• GOAL OF THE EXERCISE:
Nothing but the text should be carried over: reproduce all the data exactly and leave out every image.
-------- ENTRIES SUPPLIED
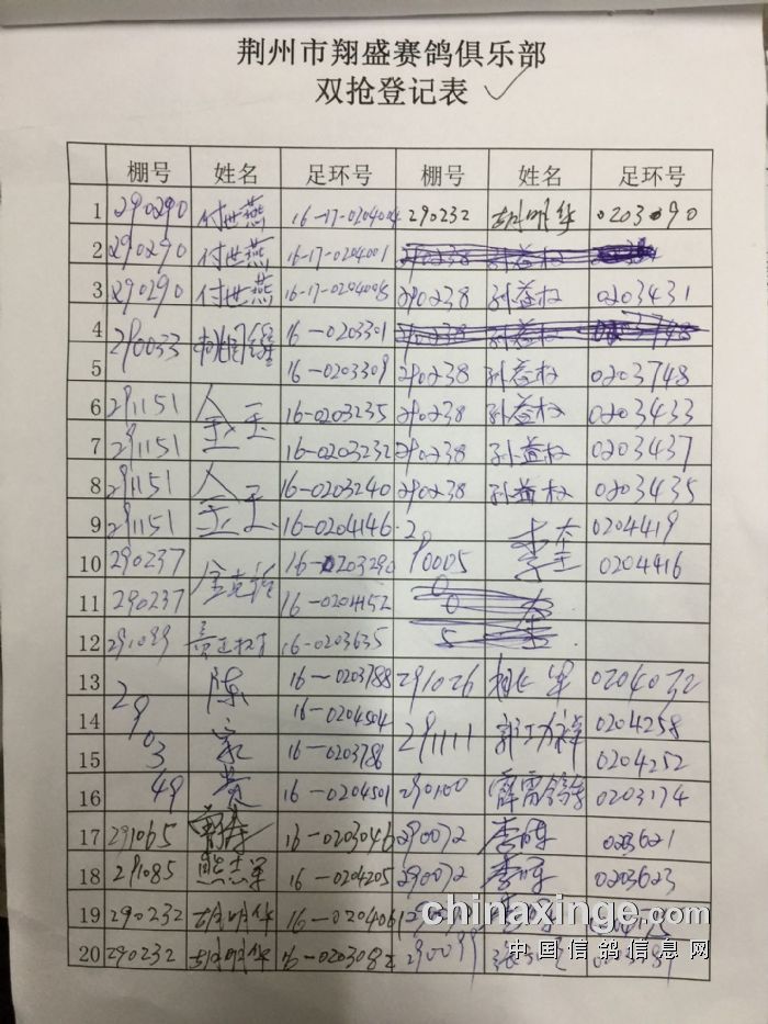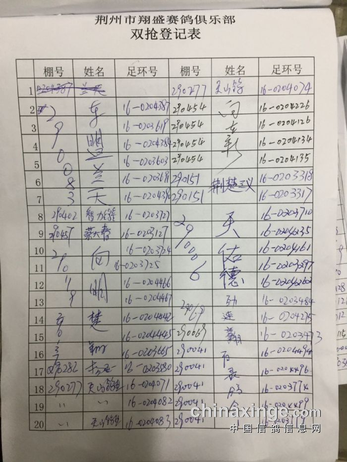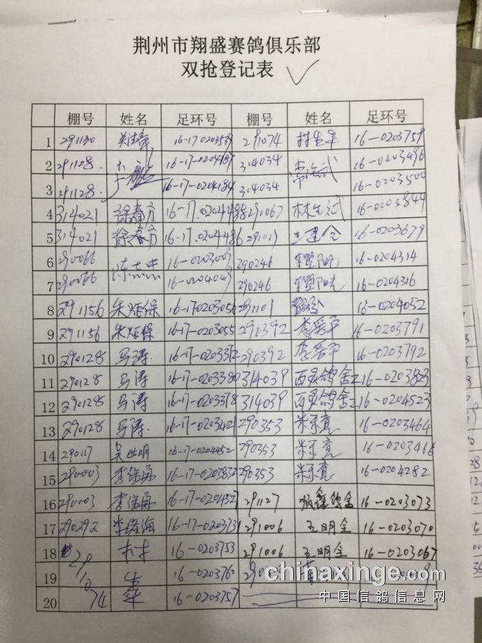 2017年11月22日全国千公里联赛廊坊站比赛集鸽清单
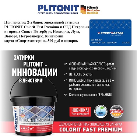 При единовременной покупке двух банок эпоксидной затирки Colorit Fast Premium - карта Спортмастер номиналом 500 руб. в подарок.
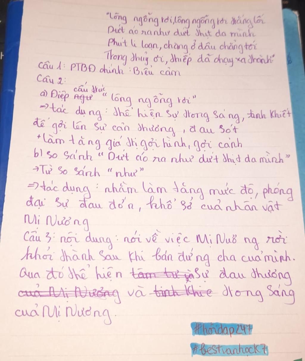 Nội dung đoạn thơ: Mị Châu sau khi bán đứng cha mình, cùng cha bỏ trốn, đoạn thơ trên trích trong chỗ trên đường đi rời khỏi kinh thành, nàng lấy lông ngỗng làm dấu báo hiệu, đồng thời có thể nàng lấy lông ngỗng trắng để thể hiện sự tinh khiết, cũng có thể để thể hiện sự vô tội và đau thương.
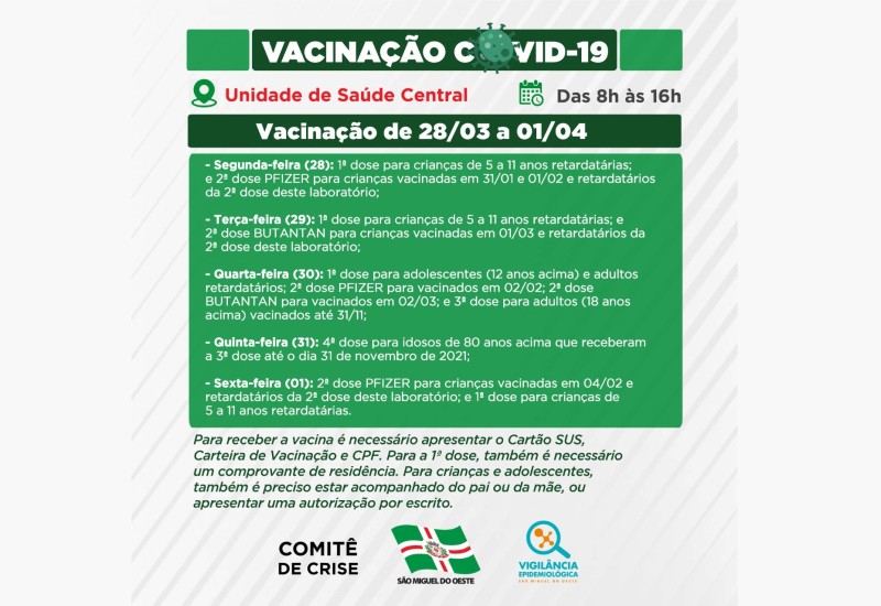 - Sexta-feira (01): 2ª dose PFIZER para crianças vacinadas em 04/02 e retardatários da 2ª dose deste laboratório; e 1ª dose para crianças de 5 a 11 anos retardatárias.
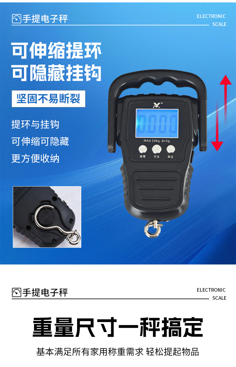 재고 새로운 50kg 휴대용 휴대용 스케일 가정용 전자 스케일 후크 테이크 아웃 스케일 식료품 쇼핑 후크 스케일
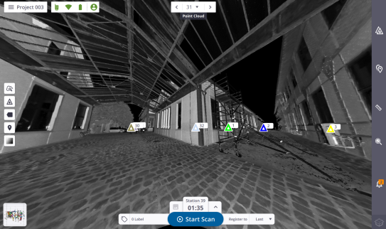 STATION VIEW: This view is where the captured scan data displays as a 2D spherical luminance (or colored) image (see Station View).
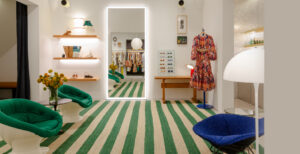 With its opening held on December 17, 2022, the ZIMMERMANN store at The Mall at Short Hills is designed to be an immersive, dynamic experience for the shopper with discerning taste. Designed by Studio McQualter and spanning 1,712 square feet, ZIMMERMANN’s newest store location seeks to offer a peaceful respite from the frenetic energy of a shopping mall. In collaboration with local metalworkers, a bespoke metal storefront greets customers as they arrive. Custom-designed terrazzo floors and mosaic tiles transport shoppers to another time and place, and elevated ceilings complete the transformation of a traditional shopping space. There is a spacious lounge area lined with luxe curtains and bespoke handwoven rug, and purchases are rung up in a funky foiled room which draws design inspiration from Andy Warhol’s Silver Factory.
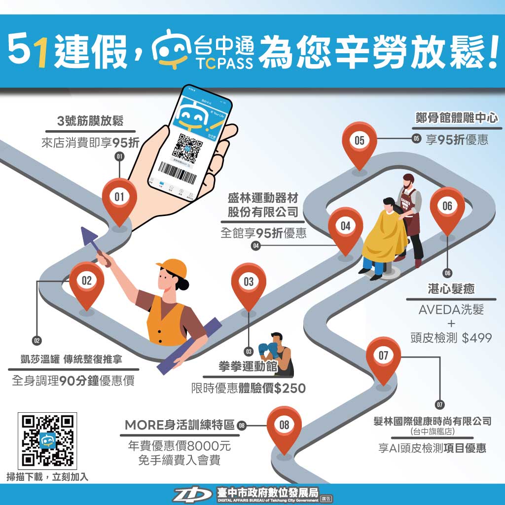 台中通為您辛勞放鬆!51勞動節連假將至,台中市政府數位局特別透過《台中通》APP精選多項紓壓好康,策劃「51連假放鬆提案」,涵蓋身體調理、運動釋放與頭皮療癒等多元面向,邀請市民朋友在連假期間暫時放下工作壓力,放慢步調走進特約店家,利用好康優惠好好放鬆一下。
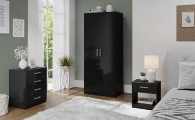Carlton High Gloss Bedroom Furniture 3PC Trio Set Black DIY at B Q
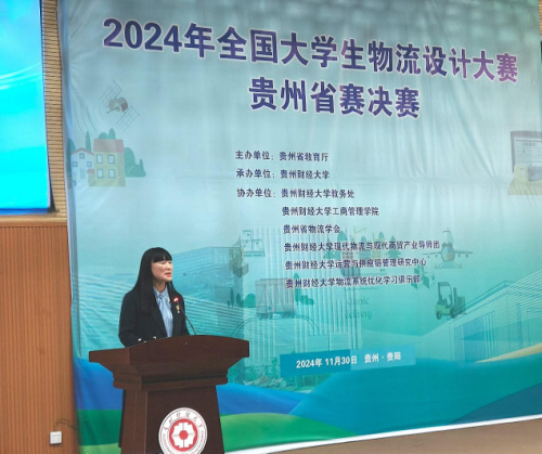 在开幕式上,贵州财经大公司党委副书记彭洁教授代表公司致辞,指出本次大赛目的在于引导老员工关注物流行业的热点问题,激发老员工的创新精神和创业意识,培养老员工的团队协作能力和解决实际问题能力。并表示希望通过这次大赛,能够进一步推动我省高校物流管理专业公司产品改革和创新发展,提升物流管理专业人才培养质量和社会认可度。同时,也为广大师生提供一个展示才华、交流思想、增进友谊的宝贵平台,激发学习热情和创造活力。并以“物流通天下,智慧创未来”表达对此次大赛的深切期望。
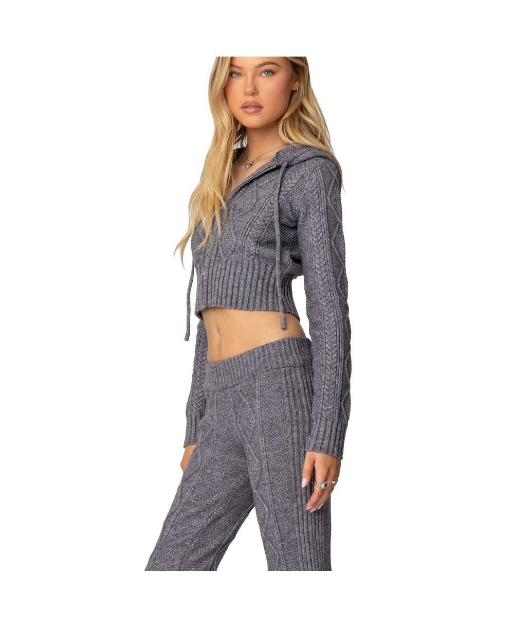 Edikted Womens Ray Cable Knit Hooded Cardigan
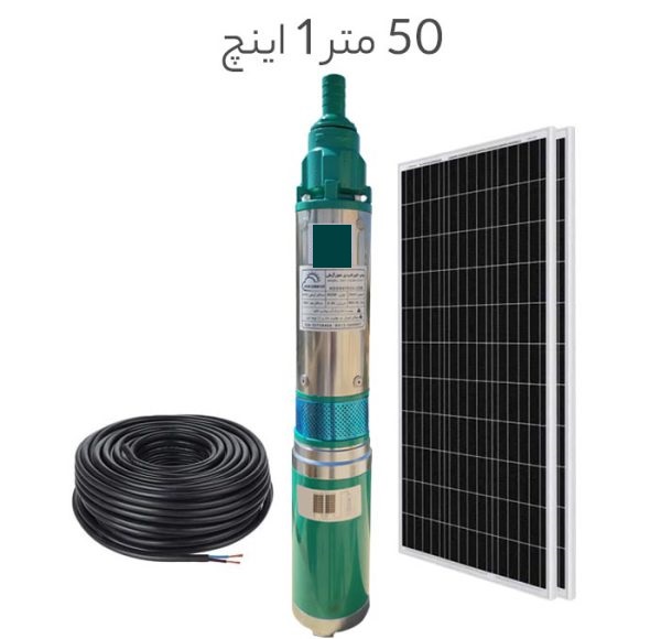 پمپ آب خورشیدی 1 اینچ عمق ۵۰ متر با 2 پنل خورشیدی ذغالی
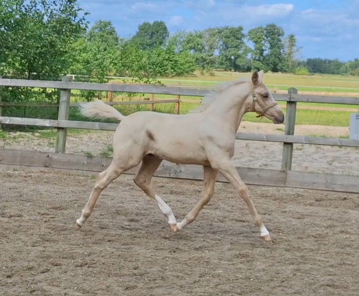 Sweet and affectionate foal with three good gaits. Loves attention and grooming. Is handled daily and walks nicely on a lead rope. Also accustomed to having its hooves picked out daily. Older full siblings are nice, reliable, and well-mannered all-rounders, who move well, learn quickly, and enjoy working together. In short, the ideal pony for a slightly older child, teenager, but also for a young adult.
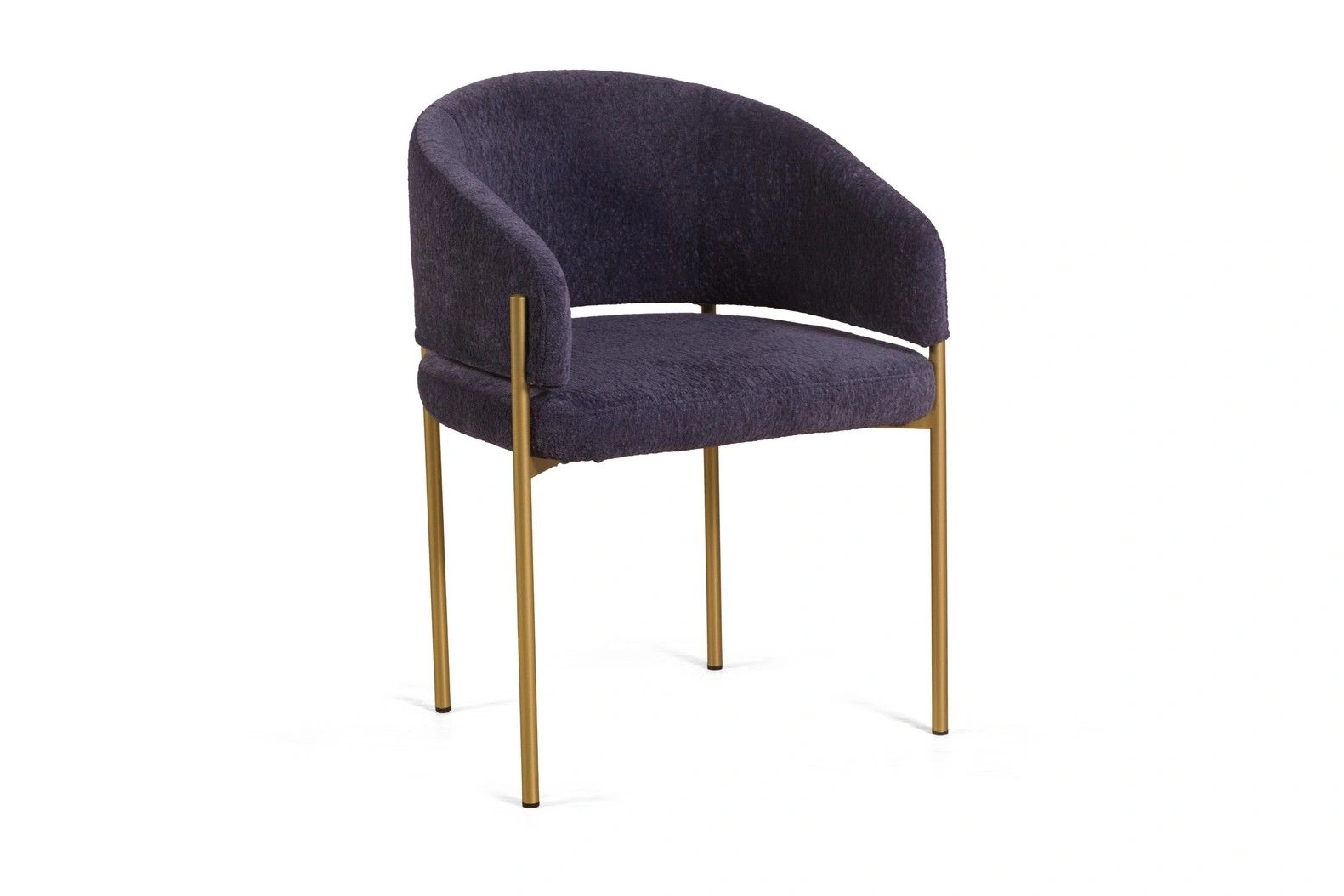 Элегантный мягкий обеденный стул с полукруглой спинкой и открытой линией поясницы. Тонкие металлические ножки визуально облегчают силуэт, при этом сохраняют устойчивость. Модель создана для современных интерьеров — от кухни и гостиной до ресторанов и lounge-пространств. Комфорт кресла и компактность стула в одном изделии.
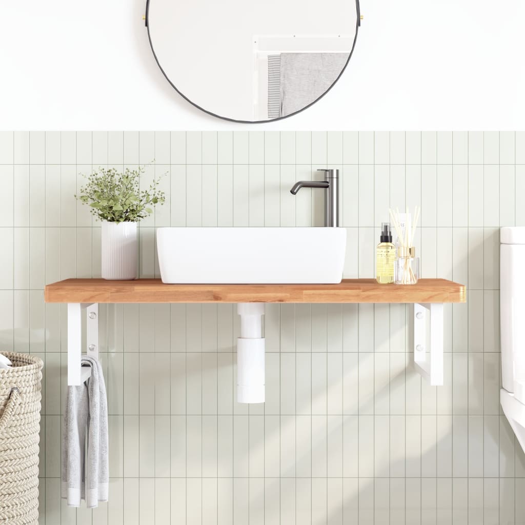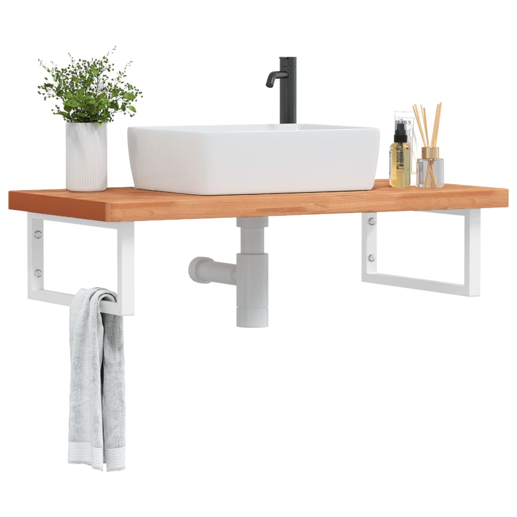 Raft pentru lavoar montat pe perete, oțel și lemn masiv fag GartenMobel Dekor
----------------
• SOLUTION TO THE EXERCISE:
 2017年11月22日全国千公里联赛廊坊站比赛集鸽清单
 При единовременной покупке двух банок эпоксидной затирки Colorit Fast Premium - карта Спортмастер номиналом 500 руб. в подарок.
 Nội dung đoạn thơ: Mị Châu sau khi bán đứng cha mình, cùng cha bỏ trốn, đoạn thơ trên trích trong chỗ trên đường đi rời khỏi kinh thành, nàng lấy lông ngỗng làm dấu báo hiệu, đồng thời có thể nàng lấy lông ngỗng trắng để thể hiện sự tinh khiết, cũng có thể để thể hiện sự vô tội và đau thương.
 - Sexta-feira (01): 2ª dose PFIZER para crianças vacinadas em 04/02 e retardatários da 2ª dose deste laboratório; e 1ª dose para crianças de 5 a 11 anos retardatárias.
 재고 새로운 50kg 휴대용 휴대용 스케일 가정용 전자 스케일 후크 테이크 아웃 스케일 식료품 쇼핑 후크 스케일
 STATION VIEW: This view is where the captured scan data displays as a 2D spherical luminance (or colored) image (see Station View).
 With its opening held on December 17, 2022, the ZIMMERMANN store at The Mall at Short Hills is designed to be an immersive, dynamic experience for the shopper with discerning taste. Designed by Studio McQualter and spanning 1,712 square feet, ZIMMERMANN’s newest store location seeks to offer a peaceful respite from the frenetic energy of a shopping mall. In collaboration with local metalworkers, a bespoke metal storefront greets customers as they arrive. Custom-designed terrazzo floors and mosaic tiles transport shoppers to another time and place, and elevated ceilings complete the transformation of a traditional shopping space. There is a spacious lounge area lined with luxe curtains and bespoke handwoven rug, and purchases are rung up in a funky foiled room which draws design inspiration from Andy Warhol’s Silver Factory.
 台中通為您辛勞放鬆!51勞動節連假將至,台中市政府數位局特別透過《台中通》APP精選多項紓壓好康,策劃「51連假放鬆提案」,涵蓋身體調理、運動釋放與頭皮療癒等多元面向,邀請市民朋友在連假期間暫時放下工作壓力,放慢步調走進特約店家,利用好康優惠好好放鬆一下。
Carlton High Gloss Bedroom Furniture 3PC Trio Set Black DIY at B Q
 在开幕式上,贵州财经大公司党委副书记彭洁教授代表公司致辞,指出本次大赛目的在于引导老员工关注物流行业的热点问题,激发老员工的创新精神和创业意识,培养老员工的团队协作能力和解决实际问题能力。并表示希望通过这次大赛,能够进一步推动我省高校物流管理专业公司产品改革和创新发展,提升物流管理专业人才培养质量和社会认可度。同时,也为广大师生提供一个展示才华、交流思想、增进友谊的宝贵平台,激发学习热情和创造活力。并以“物流通天下,智慧创未来”表达对此次大赛的深切期望。
 Edikted Womens Ray Cable Knit Hooded Cardigan
 پمپ آب خورشیدی 1 اینچ عمق ۵۰ متر با 2 پنل خورشیدی ذغالی
 Sweet and affectionate foal with three good gaits. Loves attention and grooming. Is handled daily and walks nicely on a lead rope. Also accustomed to having its hooves picked out daily. Older full siblings are nice, reliable, and well-mannered all-rounders, who move well, learn quickly, and enjoy working together. In short, the ideal pony for a slightly older child, teenager, but also for a young adult.
 Элегантный мягкий обеденный стул с полукруглой спинкой и открытой линией поясницы. Тонкие металлические ножки визуально облегчают силуэт, при этом сохраняют устойчивость. Модель создана для современных интерьеров — от кухни и гостиной до ресторанов и lounge-пространств. Комфорт кресла и компактность стула в одном изделии.
 Raft pentru lavoar montat pe perete, oțel și lemn masiv fag GartenMobel Dekor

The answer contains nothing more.